Non che le polizie europee siano mai state tenere con gli oppositori, in qualsiasi paese. E noi italiani lo sappiamo forse meglio di tutti.
Ma c’è un salto di qualità impossibile da nascondere, che imbarazza persino i più servili opinionisti di professione, nel vedere tutto un popolo difendere pacificamente il proprio diritto a votare per decidere se restare o no dentro uno Stato che ne nega l’identità.
Fin qui, infatti, la repressione era sempre stata mirata contro singoli settori della società, avanguardie politiche e sociali, partiti e movimenti. Una repressione anche durissima contro i rappresentanti di interessi magari di una maggioranza assoluta della popolazione (lavoratori, pensionati, studenti, disoccupati, ecc), ma non di tutti.
In Catalogna lo Stato spagnolo ha deciso di comportarsi per quel che ritiene in fondo di essere: un esercito straniero di occupazione. A dimostrarlo c’è il comportamento della polizia catalana, i famigerati Mossos de Esquadra che tante volte si erano mostrati violentissimi contro studenti e indignados. Ma anche loro, stavolta, non se la sono sentita di mettersi contro il proprio popolo.
Sapiamo benissimo che “popolo” è definizione interclassista, ma veniamo senza pentimenti da una tradizione politica per la quale i movimenti di liberazione nazionale erano e sono una forma specifica dell’antimperialismo effettivo. Nessuno, a nostra memoria, ha mai osato qualificare come “nazionaliste” le resistenze di Vietnam, Laos, Mozambico, Angola, Algeria, e tanti altri paesi di tutti i continenti.
Solo chi ha smarrito questa memoria può oggi esitare dal prendere posizione a favore dei catalani.
E’ una contraddizione enorme e violenta che si apre dentro lo schemino retorico che ha dominato come pensiero unico negli ultimi 30 anni. Solo oggi, infatti, si arriva a negare con la forza il diritto di esprimersi con il voto all’interno dell’Unione Europea e con il pieno appoggio della tecnoburocrazia di Bruxelles, degli Stati nazionali e di tutte le forze di governo nei vari paesi dell’Unione.
E’ una contraddizione che vede dichiarare “illegale” la richiesta di far esprimere un intero popolo con il voto. Ovvero con l’unica caratteristica residua del concetto di “democrazia” sbandierato da cancellerie e televisioni.
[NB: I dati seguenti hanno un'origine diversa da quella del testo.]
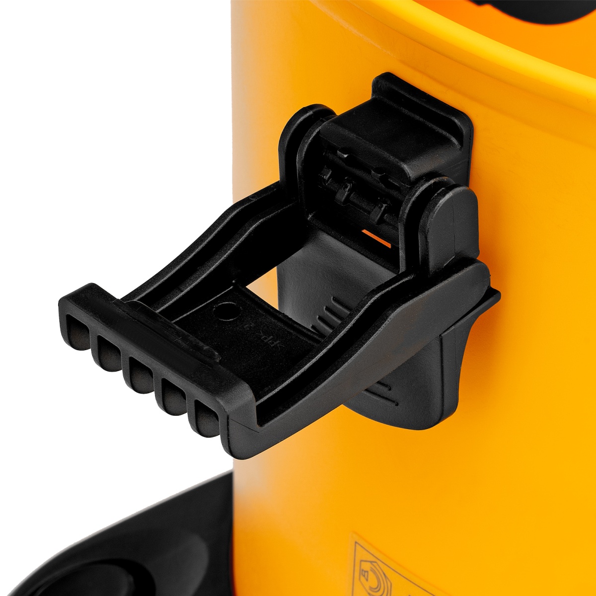 Наличие клапана для сброса давления Пылесос строительный RVC20, 1400 Вт, бак 20 л, шланг 3 м, розетка с автосинхр. Denzel

La resistenza passiva e pacifica dei catalani esalta al massimo grado questa contraddizione che delegittima tutta la costruzione fin qui edificata su e contro gli interessi delle classi sociali “subalterne” in tutta Europa, come e più di quanto avvenuto due estati fa davanti al referendum greco che aveva detto OXI ai diktat della Troika e della Ue.
Questa è una giornata storica, comunque vada. E’ la giornata in cui la democrazia popolare torna ad essere un corpo vivo e combattivo, e la pseudo-democrazia liberale viene svergognata come puro strumento retorico messo a copertura degli interessi del capitale multinazionale.